Net typical score = 218 6/8"

These #'s are all hear say only; I have not spoke to the owner of this trophy & do not mean in any way to miss lead anyone person or group of this WT deers Official B & C Score.

You be the judge


----------



## simme (Mar 31, 2009)

I have a hard time believing the 29 inside spread. I have also heard through the rumor mill that the 2 end tines were being considered as a split tine and therefore the rack will be scored as non-typical. I never added the differences up, but I think 12 inches of difference makes it non-typ also.


----------



## tatonka (Sep 1, 2006)

simme said:


> I have a hard time believing the 29 inside spread. I have also heard through the rumor mill that the 2 end tines were being considered as a split tine and therefore the rack will be scored as non-typical. I never added the differences up, but I think 12 inches of difference makes it non-typ also.

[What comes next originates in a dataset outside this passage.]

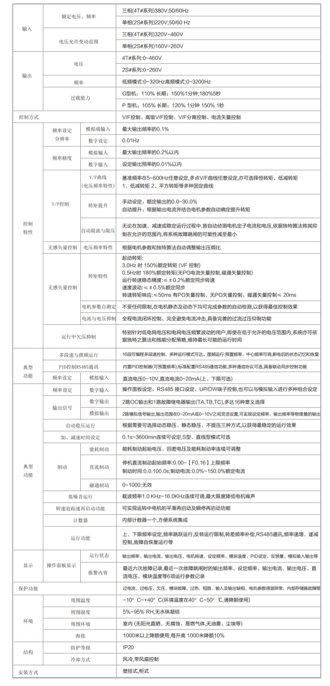 ●全方位的過流、過壓、過載保護(hù)及失速防止功能;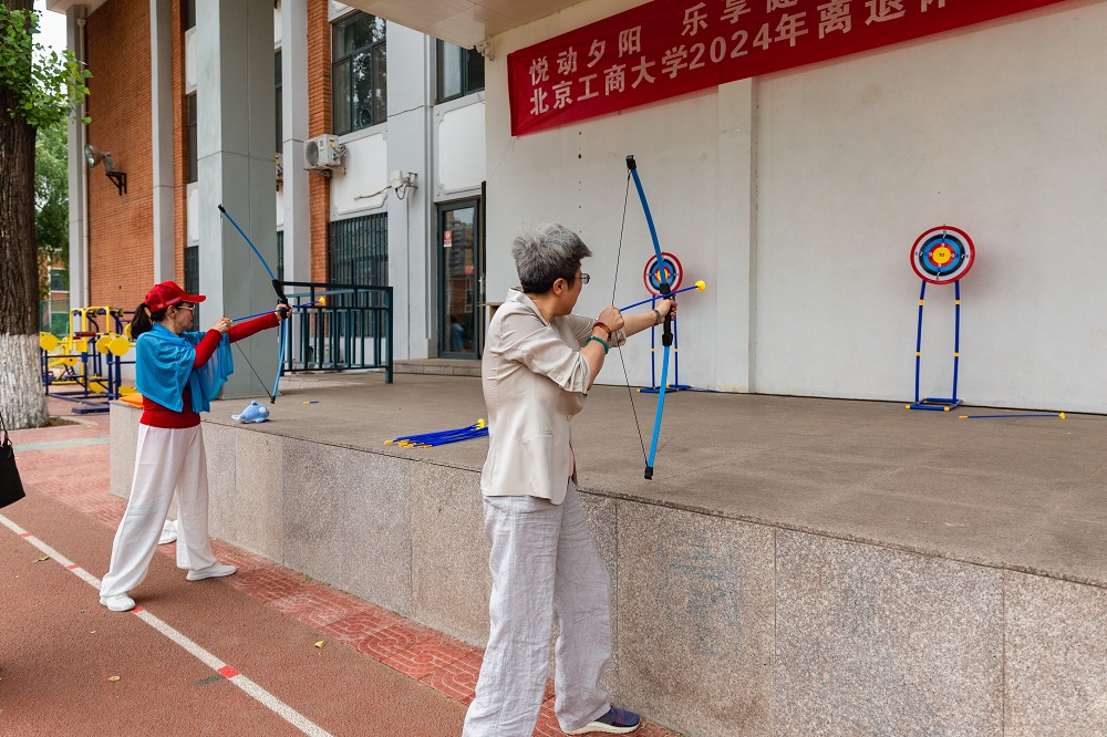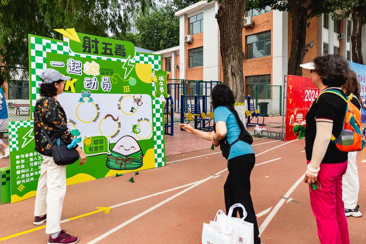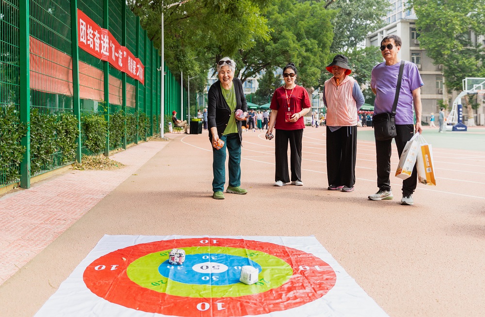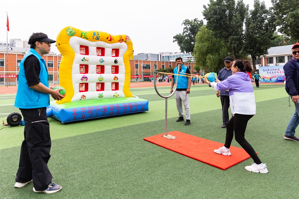 本次活動的主體項目是精心設計的趣味運動,讓每位參與者都能在輕松愉快的氛圍中享受運動的樂趣。“筷子夾球”項目需要在最短的時間內(nèi)用筷子夾出乒乓球再放入指定位置,鍛煉老年人的手指靈活度?!白闱蝻w鏢”“沙包擲準”“冰壺”“動感單車”鍛煉老年人的四肢精準度和力量?!巴都雺亍薄拔P射箭”、端午節(jié)民間傳統(tǒng)游戲“射五毒”“捶丸”既體現(xiàn)了傳統(tǒng)文化,又結(jié)合了現(xiàn)代技術,為健康運動增添了科技感。“木球攻門”“套圈尋寶”既考驗了策略思考,又增加了運動的趣味性。模仿游戲角色用彈弓將小鳥射向小豬的項目“憤怒的小鳥”充滿童趣,吸人眼球,既考驗參與者的力度控制,又激發(fā)了競技激情。“抓娃娃”讓老同志回到了童年時光,感受到滿滿的童趣。豐富的趣味運動項目寓意“點亮北京”,老同志們在參與中提高了健康理念,增添了生活樂趣,增強了為首都增光添彩的良好心愿。

Can't believe it's 29" wide? Take a look at this photo of him..


----------



## bearhunter (Jan 30, 2009)

i can't see that deer even coming close to 200 :eyeroll:


----------



## AdamFisk (Jan 30, 2005)

bearhunter said:


> i can't see that deer even coming close to 200 :eyeroll:


Haha, that makes 2 of us!!!!


----------



## AdamFisk (Jan 30, 2005)

That front view is decieving holy crap. Tines look dinky in it, but than you go up and look at the side view and they look a little better.

Same with the mass....Must be the 30" beams and 29" spread.

I might have to retract my previous statement.


----------



## HUNTNFISHND (Mar 16, 2004)

tatonka said:


> This information came from a Canadian Deer Hunting website


Please provide a link to this website.


----------



## D_Hage (Nov 10, 2004)

Big Deer, but WR?


----------



## tatonka (Sep 1, 2006)

HUNTNFISHND said:


> tatonka said:
> 
> 
> > This information came from a Canadian Deer Hunting website
> ...


Here you go...
http://www.menoutdoors.com/forums/showt ... hp?t=15827


----------



## headshot (Oct 26, 2006)

OK heres the update........ Deer was killed by an Indian on private land without permission. He used a 22-250 which is highly illegal. Sorry for getting everyone worked up but this deer was basically poached. No matter what he scores it is worthless if you have to use un-ethical means to take him.


----------



## tatonka (Sep 1, 2006)

headshot said:


> OK heres the update........ Deer was killed by an Indian on private land without permission. He used a 22-250 which is highly illegal. Sorry for getting everyone worked up but this deer was basically poached. No matter what he scores it is worthless if you have to use un-ethical means to take him.


What is the source of your information? Are you positive it is correct?


----------



## headshot (Oct 26, 2006)

Local trout cop said he was investigated after bragging about this deer.


----------



## tatonka (Sep 1, 2006)

headshot said:


> Local trout cop said he was investigated after bragging about this deer.


That may or may not be true... Hearsay ain't allowed in court. Seems like whenever anyone kills a whopper buck there's an army of jealous people ready to pick the story apart, drag them through the mud, etc. If you don't have the real facts, don't post what someone told someone who told someone else. Show the court report, newspaper report on the conviction, etc. Otherwise what you are passing on is nothing more than rumor and gossip.


----------